Today, much of the news and even policy is driven by images as much as words. We rarely make decisions (about public lands or anything else) by reasoning through policy pros and cons. Daniel Kahneman, in Thinking Fast and Slow, suggests we base our decisions and even opinions on split-second responses to the way things look, in other words, on aesthetics. By comparing the “cowboy” aesthetic to the “green” aesthetic of the environmental movement, we can see why a “cowboy” conservative might reject today’s more pacifist, the anti-extraction vision of protecting nature.

The first “environmentalist” image on Google displays arms hugging a tree, fingers forming a heart -- not exactly the cowboy aesthetic. The environmentalism-pacifism link becomes explicit in the name of Greenpeace, perhaps the most visible environmentalist NGO. That pacifism is a stereotype, of course – environmentalists are incredibly varied. And so are cowboy conservatives. So perhaps if the conservation movement can vary its imagery to include cowboy values alongside pacifist values we can expand the tent. The risk, if we don’t, is that we will continue to alienate conservatives who might otherwise support conservation simply because of how we represent conservation rather than how it actually is.

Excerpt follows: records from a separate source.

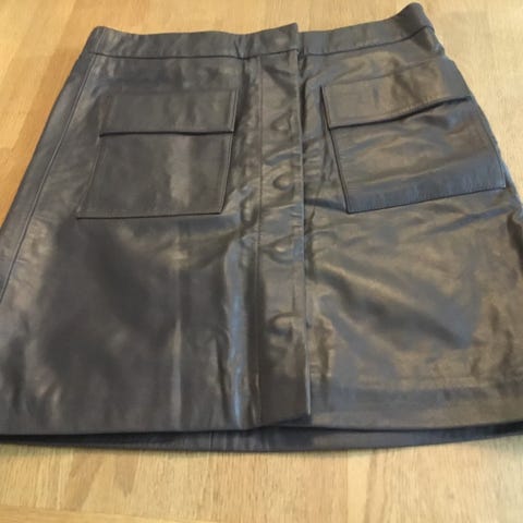Skinnskjørt i mykt semsket skinn med råkant nede og skjult glidelås bak.
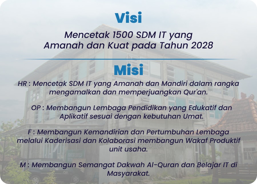 " Pondok IT adalah tempat belajar ilmu IT memadukan ilmu agama terbaik di Yogyakarta. Visinya sangat jelas, sukses di dunia sebagai seorang profesional dan sukses di akhirat sebagai seorang muslim yang taat "
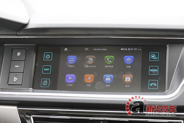 7英寸多媒體顯示屏采用觸控式操作,實(shí)際測試靈敏度較高,集成導(dǎo)航、藍(lán)牙等功能。后視鏡加熱按鍵被設(shè)置在了下方控制區(qū)。
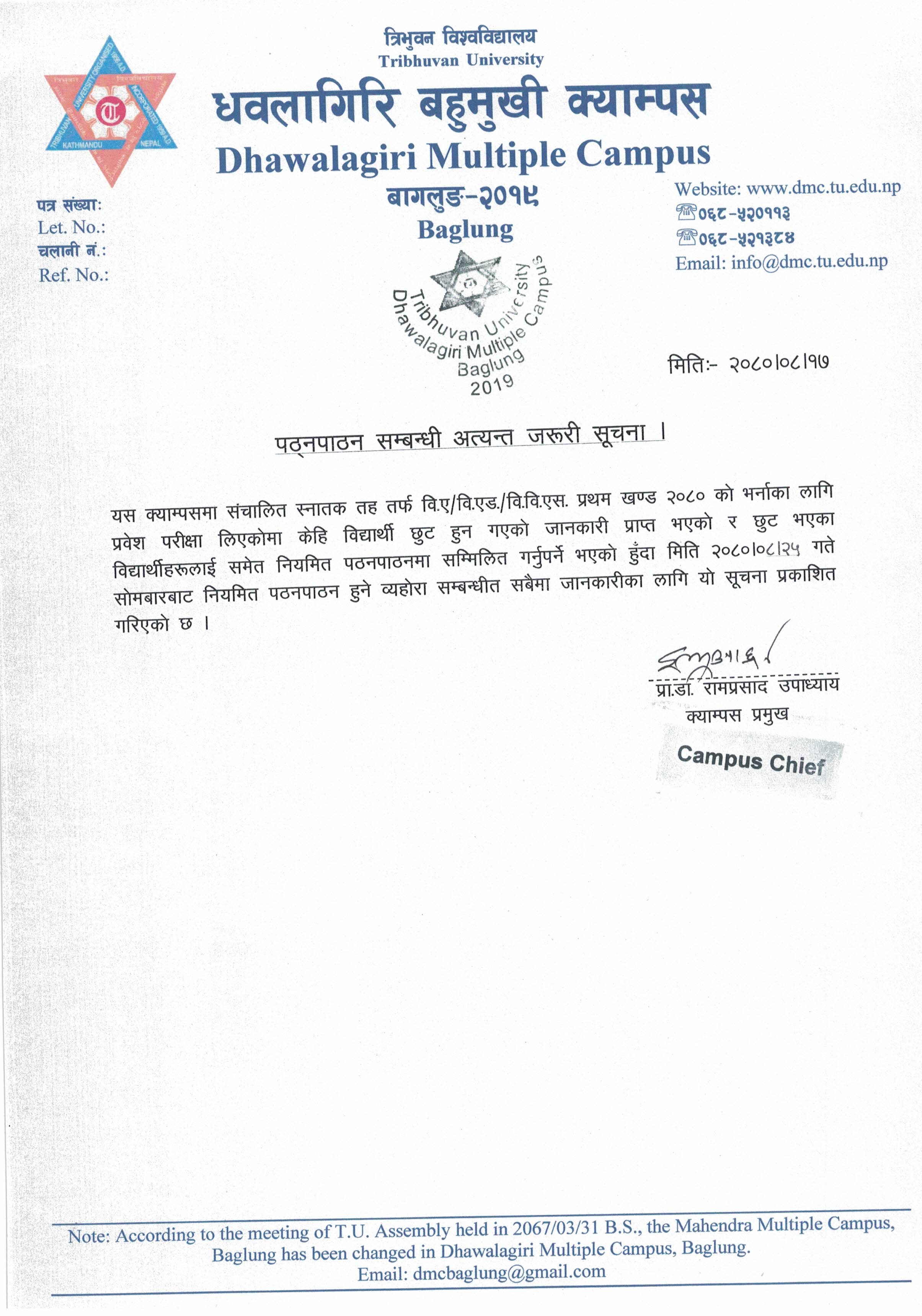 स्नातक प्रथम वर्षकाे कक्षा सञ्चालन सम्बन्धी सूचना ।
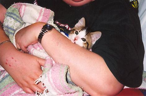 Wendi holds Shadow in a blanket. Taken April 27.
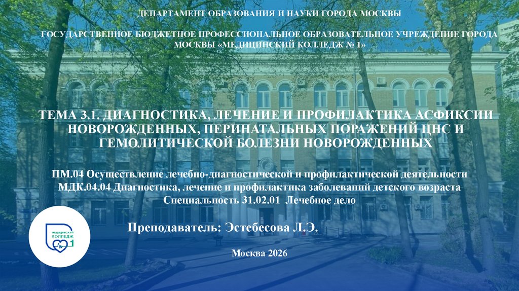 МОСКВЫ «МЕДИЦИНСКИЙ КОЛЛЕДЖ № 1»
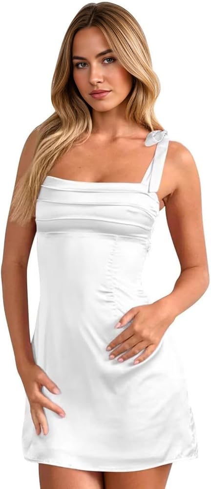 تصميم رقبة مربعة وحزام سباغيتي: يوفر خط الرقبة المربع مظهرًا عصريًا جذابًا يسلط الضوء على الكتفين وعظام الترقوة، بينما توفر أشرطة السباغيتي لمسة رقيقة. يوازن هذا التصميم بين الأناقة والأجواء الشبابية، مما يجعله مثاليًا لحفلات العودة إلى الوطن أو حفلات الكوكتيل.
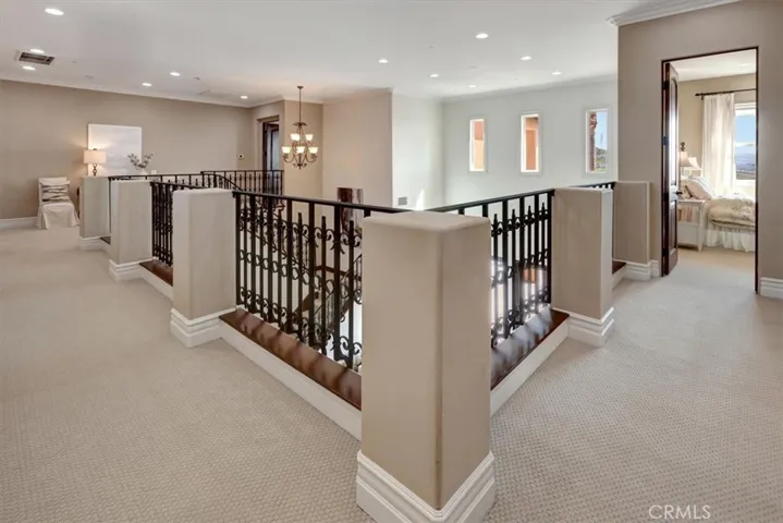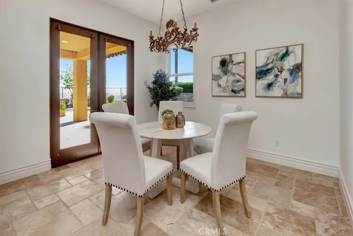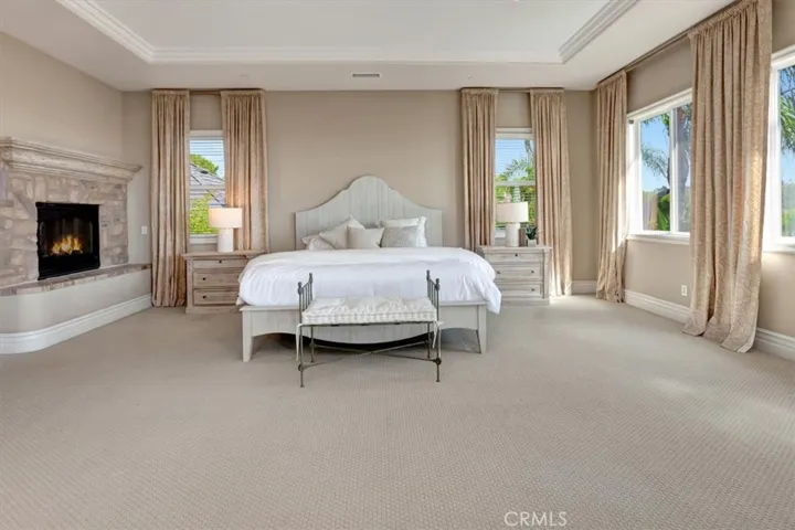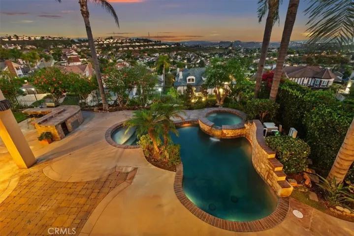Tuscan Elegance with Panoramic City Views in Guard-Gated Hillcrest. Discover timeless sophistication in this stunning Tuscan-style estate built in 2005, offering 6,468 sq ft with 5 bedrooms, 5.5 baths, and a 4-car garage. The open-concept design connects the family room and gourmet kitchen featuring custom cabinetry, granite counters, prep sink, and professional-grade stainless appliances. A main-floor bedroom with en-suite bath provides ideal guest or multi-generational living. The primary suite includes a sitting area, double-sided fireplace, spa bath, and large deck with sweeping valley views. Enjoy resort-style outdoor living with a sparkling pool, spa, and built-in BBQ island surrounded by lush landscaping. Set on a cul-de-sac within the exclusive Hillcrest guard-gated community, this home defines refined Orange County.

Pacifist conservation images, especially in their implicit condemnation of hunting, are in direct conflict with self-reliance, combativeness, and independence. Conservationists trying to win over Western Conservatives, then, should frame their positions within the cowboy aesthetic. They can draw on images of Roosevelt’s life to do so. As the creator of the modern park system, Roosevelt stands among history’s exceptional conservationists. Every man who appreciates the majesty and beauty of the wilderness and of wild life,” he proclaimed, “should strike hands with the far-sighted men who wish to preserve our material resources… from wanton destruction.”

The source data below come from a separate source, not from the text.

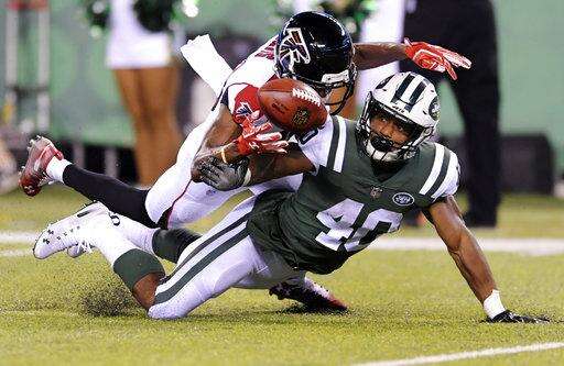 Atlanta Falcons wide receiver Reggie Davis defends against New York Jets' Trenton Cannon (40) during the second half of a preseason NFL football game Friday, Aug. 10, 2018, in East Rutherford, N.J. (AP Photo/Bill Kostroun) The Associated Press
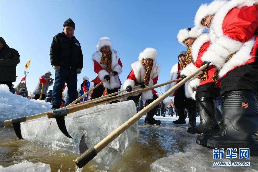 12月7日,人們?cè)诓杀?jié)現(xiàn)場(chǎng)采“頭冰”。當(dāng)日,哈爾濱采冰節(jié)在冰封雪覆的松花江哈爾濱段江面上開幕,精彩的采冰儀式和表演吸引了眾多冰城市民和游客前來欣賞、互動(dòng)。新華社記者王建威攝
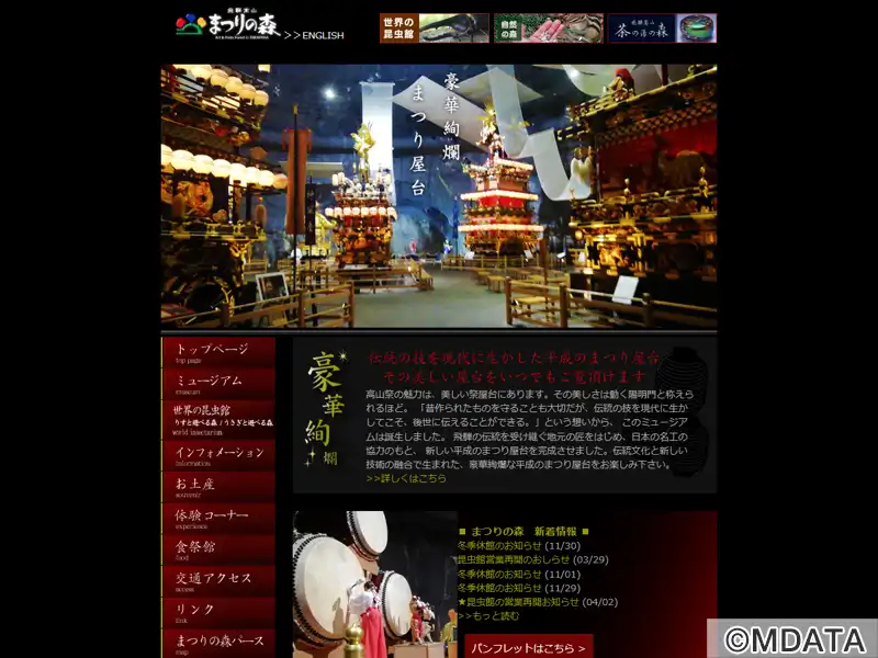岐阜県高山市の観光施設「飛騨高山まつりの森」内にある高山祭の屋台を展示・保存しているミュージアム。江戸時代中期から続く高山祭の伝統を今に伝えるため、山の斜面を掘削して造られた地中ドーム内に、平成期に新たに制作された祭屋台6基を常設展示している。屋台には精巧な彫刻や装飾金具が施され、からくり人形がコンピューター制御で動く演出も見どころ。3万種10万頭にのぼる標本を展示した世界の昆虫館を隣接する。
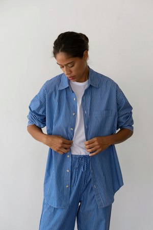 A timeless wardrobe staple designed for effortless styling. Crafted from crisp cotton poplin, it features a back yoke with double pleats, a front square pocket, tortoise buttons, and pleated cuffs. Inspired by vintage men's shirting, its intentionally relaxed fit offers a perfect balance of structure and ease. Made in Los Angeles.
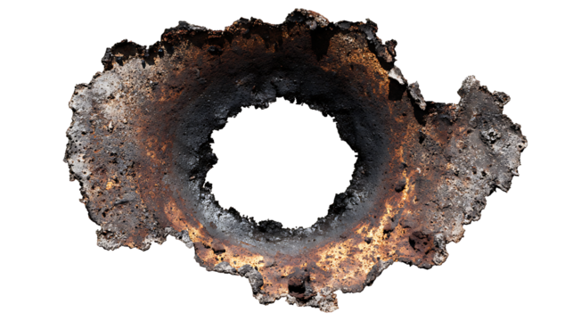 Burned metal hole with scorched edges and heat damage texture, explosion aftermath graphic element, isolated on a white background.
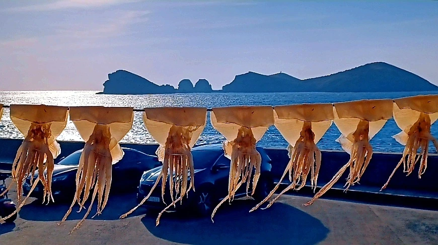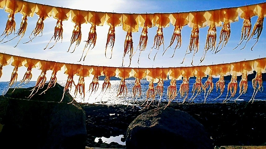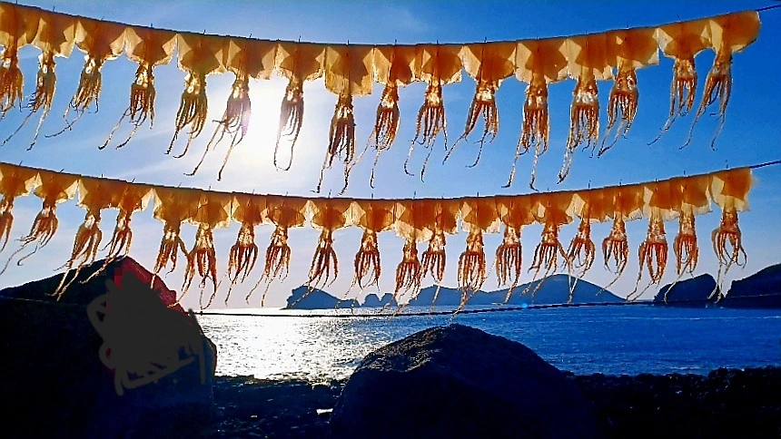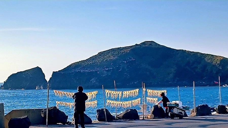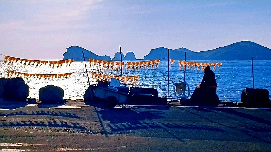 바람이 떠밀어주는 그네 타며 몸을 말리는 오징어가 프레임 그럴싸한 풍경을 연출해 준다.

His idealization of self-reliance, combativeness, self-determination, and athleticism is evident in his description, according to Edmund Morris in the seminal biography of Roosevelt Theodore Rex,  of his ranch days:

“In that land, we lived a free and hardy life, with horse and with rifle… we knew the toil and hardship and hunger and thirst; and we saw men die violent deaths as they worked among the horses and cattle, or fought in evil feuds with one another; but we felt the beat of hardy life in our veins, and ours was the glory of work and the joy of living.”

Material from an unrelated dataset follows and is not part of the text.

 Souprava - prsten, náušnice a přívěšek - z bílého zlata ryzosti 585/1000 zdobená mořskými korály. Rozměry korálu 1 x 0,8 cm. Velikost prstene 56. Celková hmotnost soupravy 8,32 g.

If conservationists can tie those images and the values they represent to protecting and conserving public lands from development -- if they can present monuments as spaces to live “a free and hardy life, with horse and with rifle” -- they stand a chance of winning Western conservatives back.

Some groups are already doing it. The Theodore Roosevelt Conservation Partnership, for example, draws on Roosevelt’s imagery and values to bring sportsmen – fishers and hunters – into the conservation movement. Their work can be just a start. Park officials could incorporate Roosevelt’s legacy more prominently into protected areas, highlighting in protected areas his conservation philosophy and places he visited. A quote by Roosevelt on park entrance signs or his iconic glasses-and-hat incorporated into the national park seal would remind conservatives that U.S parks are as much the product of a cowboy conservationist as of “green” conservationists.

If we can put Theodore Roosevelt and HIS cowboy values back into the picture of the conservation movement, we can expand it. Because while it’s hard to imagine Theodore Roosevelt sitting peacefully, sipping kombucha, you should not have to come from a city with kombucha on tap to support public lands.

Ty Loft works on ocean security and conservation at a think tank in Washington, D.C. He studied post-conflict national parks as a Lisa J. Raines Fellow at Georgetown University, from which he graduated in 2018.